Plazos y cantidad de cuotas
Otra cuestión clave es la cantidad de cuotas en que se planea pagar el préstamo. Barbero señala que no es recomendable hacerlo en la menor cantidad de tiempo posible, dado que el monto a pagar puede ser más caro y más exigente para sostener. Esto es fundamental porque no pagar cuotas hace que se encarezca por intereses punitorios e implica el peligro de caer en mora, lo que puede dificultar el acceso a la deuda en el sistema financiero.
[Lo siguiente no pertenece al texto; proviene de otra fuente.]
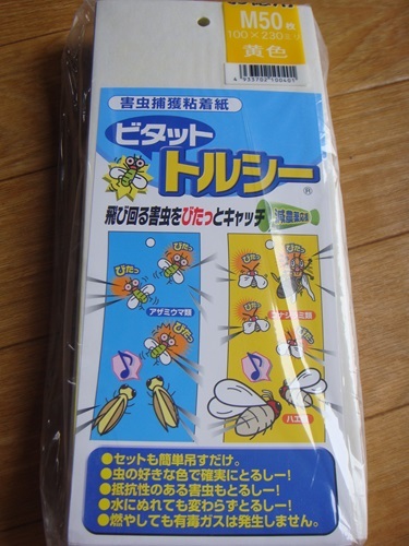 我が農園のスナップエンドウも、気温の上昇と共に元気に成長しています。先々週は支柱立て、網掛けを行い、今日はハモグリバエ対策を行いました。今年も通販でシートを購入しました。害虫捕獲粘着紙、ビタット トルシーは、農園やハウスで飛行する害虫を捕獲するのです。ビタット トルシーの鮮やかな黄色が飛びまわる害虫を寄せ集め、強力粘着材がビタットキャッチ!!雨にも強く、設置も簡単だと言う商品なのです。。 今回購入したシートは黄色のものですが、青色のものもありそれぞれ用途が異なるようです。 黄色のシートの効能書きです。「マメハモグリバエ」の文字が。部屋で梱包用ビニールヒモでシートを網に吊すように準備完了。農園に出て早速取り付けを行いました。白いカバーシートを外し準備完了。鮮やかな黄色はハモグリバエの好きな色とのこと。取り付けを終わって見ると既にハモグリバエが捕らえられていたのです。昨年のハモグリバエの被害の写真です。スナップエンドウの葉に白い筋がたくさん、これが、ハモグリバエの幼虫の食痕なのです。ハモグリバエは卵管を葉に刺して卵を植えつけ、この幼虫が葉の中を動き回るのです。「葉にもぐり込む・・ハエ」だから「ハモグリバエ」。そして葉に絵を描いたように食害する被害症状から、通称「エカキムシ」とも呼ばれているのです。直接、鞘ごと口にするエンドウマメなので、出来れば農薬は使いたくないので、毎年このシートで駆除を行っているのです。既にスナップエンドウは多くの白い花を付け始めています。サヤエンドウは、開花後14日~20日で収穫できますが、このスナップエンドウやグリンピースはやや時間がかかり開花後40日ほどで収穫できるようになるのです。でも今年のこの時期は夫婦でロンドン旅行中??留守中の収穫を御希望の方は書き込みをお願いします。鞘が柔らかく、鞘と豆の両方を食べることが出来るのです。鞘は肉厚で甘みが強いのです。さっと塩茹ですると鮮やかな緑と甘みが楽しめるのです。また、天ぷらにするとサクサクとした食感を楽しめるのです。そしてビールのつまみに最高なのです!!!

«La mejor oferta de crédito no es necesariamente la que tiene la cuota más baja, ya que un plazo más largo puede significar un costo total más alto», concluyó la Cámara Argentina Fintech.
En el contexto actual, con tasas que en algunos casos superan el 400% de CFTEA, estirar el plazo puede resultar en un costo final exorbitante. La decisión sobre el plazo debe equilibrar la capacidad de pago mensual con el costo total del crédito.
¿Qué pasa si ya estás endeudado?
Para quienes ya tienen deudas y están cerca de la mora, los especialistas recomiendan:
- Revisar la capacidad de pago real: Hacer un presupuesto detallado y priorizar los gastos esenciales.
- Negociar con el acreedor: Muchas entidades ofrecen planes de refinanciación antes de que la deuda entre en mora.
- Evitar el «efecto bola de nieve»: No tomar nuevos créditos para pagar deudas existentes, ya que eso profundiza el problema.
- Consolidar deudas: Si es posible, unificar varias deudas en un solo préstamo con mejores condiciones.
La morosidad en la Argentina alcanzó niveles récord en 2026. La facilidad de acceso al crédito a través de billeteras digitales y fintech multiplicó los riesgos. La pregunta que queda abierta es si el sistema financiero logrará encontrar un equilibrio entre la inclusión crediticia y la protección de los consumidores, o si la morosidad seguirá siendo la principal tragedia social de la economía argentina.